Work item: Repeat the records exactly as given. Do not include the pictures.

[Source data]
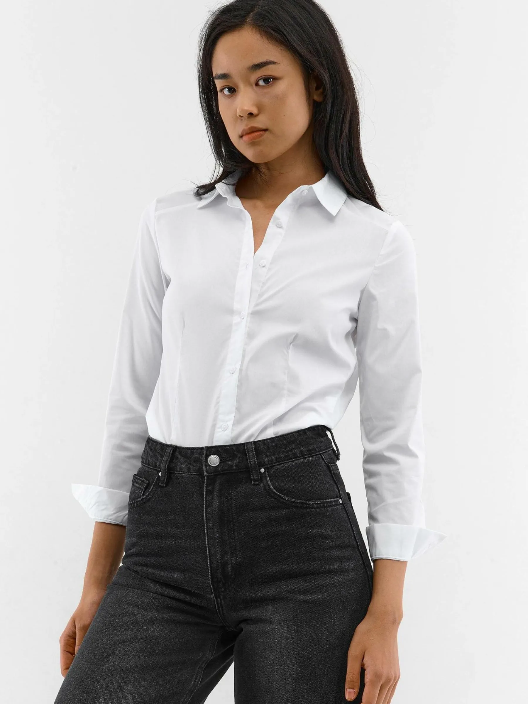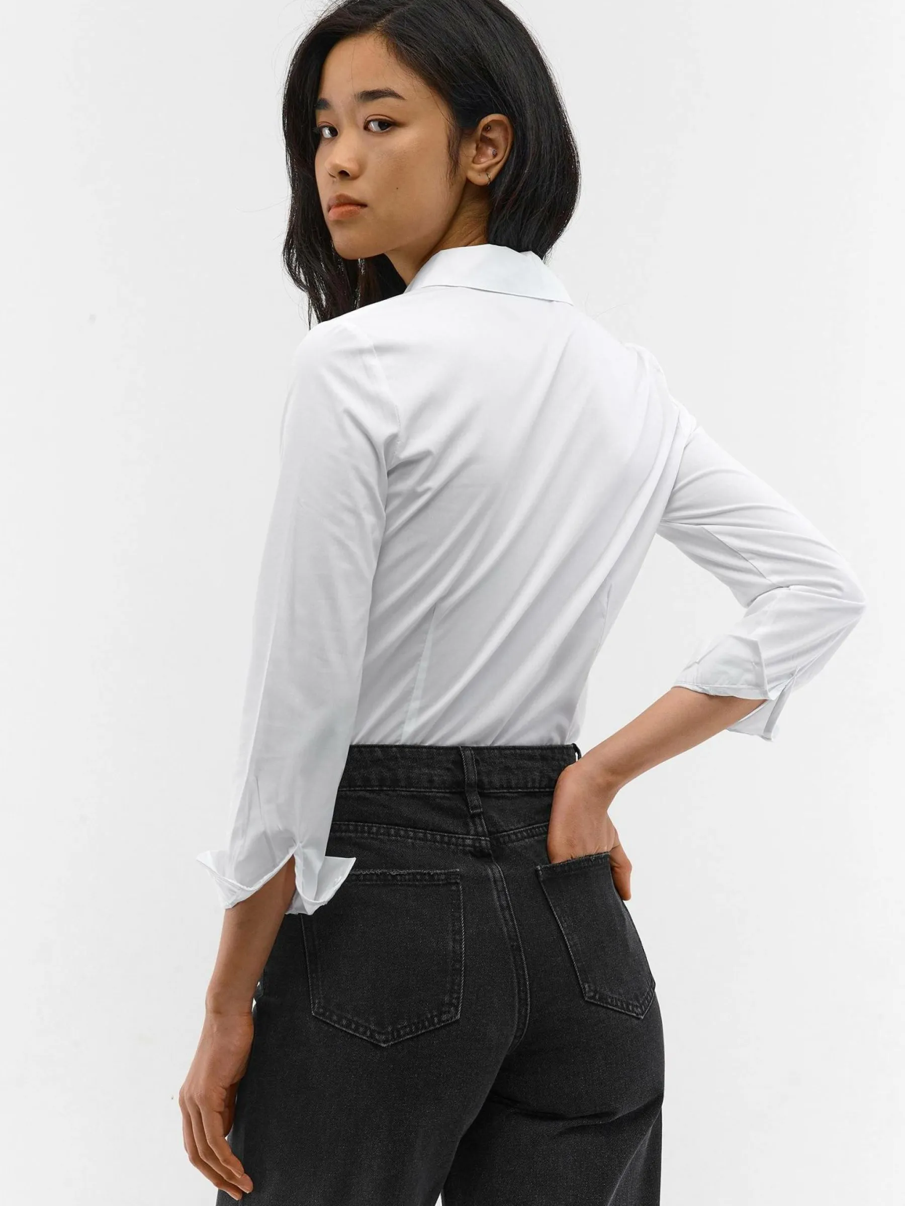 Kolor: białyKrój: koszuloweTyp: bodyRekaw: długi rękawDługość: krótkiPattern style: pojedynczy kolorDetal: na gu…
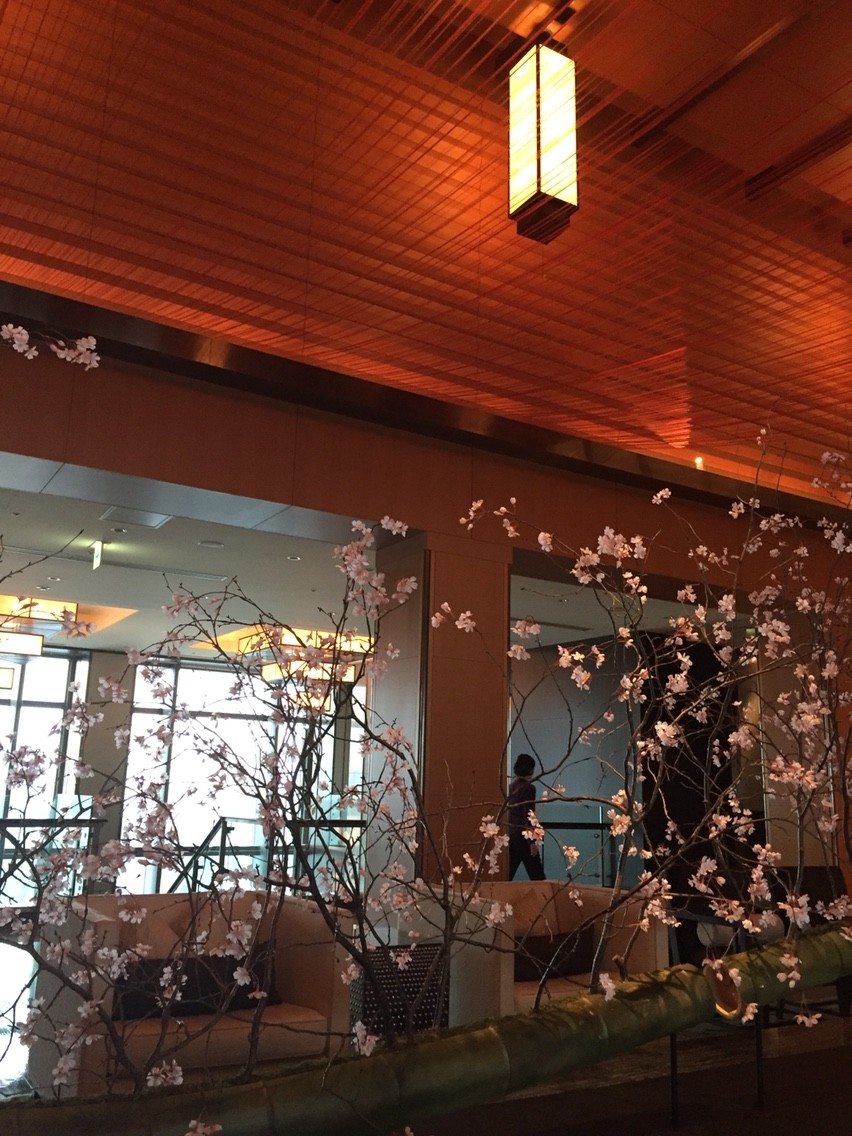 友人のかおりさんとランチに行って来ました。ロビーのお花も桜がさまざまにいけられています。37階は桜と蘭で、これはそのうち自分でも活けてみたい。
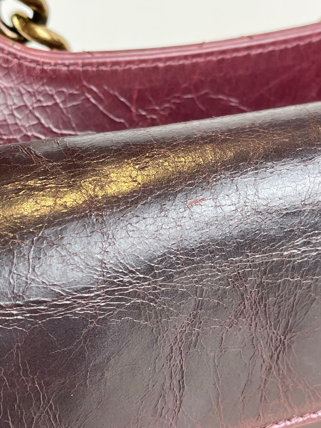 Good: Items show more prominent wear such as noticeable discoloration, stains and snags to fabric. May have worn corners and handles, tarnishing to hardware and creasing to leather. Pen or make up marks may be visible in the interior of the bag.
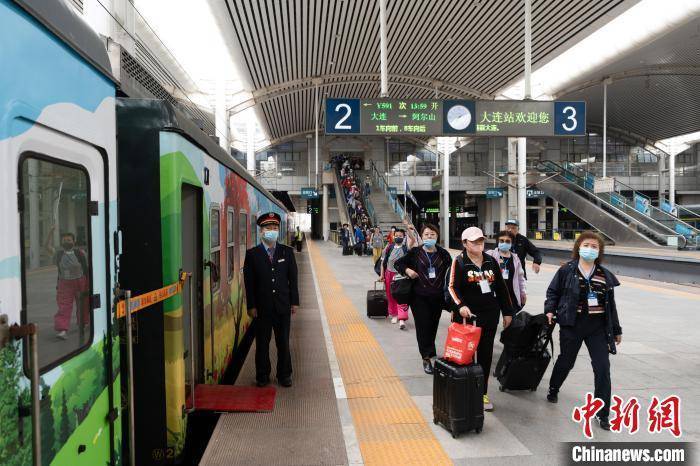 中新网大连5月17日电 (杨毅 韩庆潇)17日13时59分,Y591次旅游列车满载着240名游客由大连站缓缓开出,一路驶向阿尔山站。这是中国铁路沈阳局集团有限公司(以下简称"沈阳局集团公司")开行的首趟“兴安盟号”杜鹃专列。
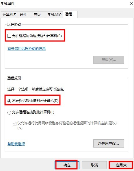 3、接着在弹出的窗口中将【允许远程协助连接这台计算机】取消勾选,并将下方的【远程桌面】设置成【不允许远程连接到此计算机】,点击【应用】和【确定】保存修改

Task answer:
 Kolor: białyKrój: koszuloweTyp: bodyRekaw: długi rękawDługość: krótkiPattern style: pojedynczy kolorDetal: na gu…
 友人のかおりさんとランチに行って来ました。ロビーのお花も桜がさまざまにいけられています。37階は桜と蘭で、これはそのうち自分でも活けてみたい。
 Good: Items show more prominent wear such as noticeable discoloration, stains and snags to fabric. May have worn corners and handles, tarnishing to hardware and creasing to leather. Pen or make up marks may be visible in the interior of the bag.
 中新网大连5月17日电 (杨毅 韩庆潇)17日13时59分,Y591次旅游列车满载着240名游客由大连站缓缓开出,一路驶向阿尔山站。这是中国铁路沈阳局集团有限公司(以下简称"沈阳局集团公司")开行的首趟“兴安盟号”杜鹃专列。
 3、接着在弹出的窗口中将【允许远程协助连接这台计算机】取消勾选,并将下方的【远程桌面】设置成【不允许远程连接到此计算机】,点击【应用】和【确定】保存修改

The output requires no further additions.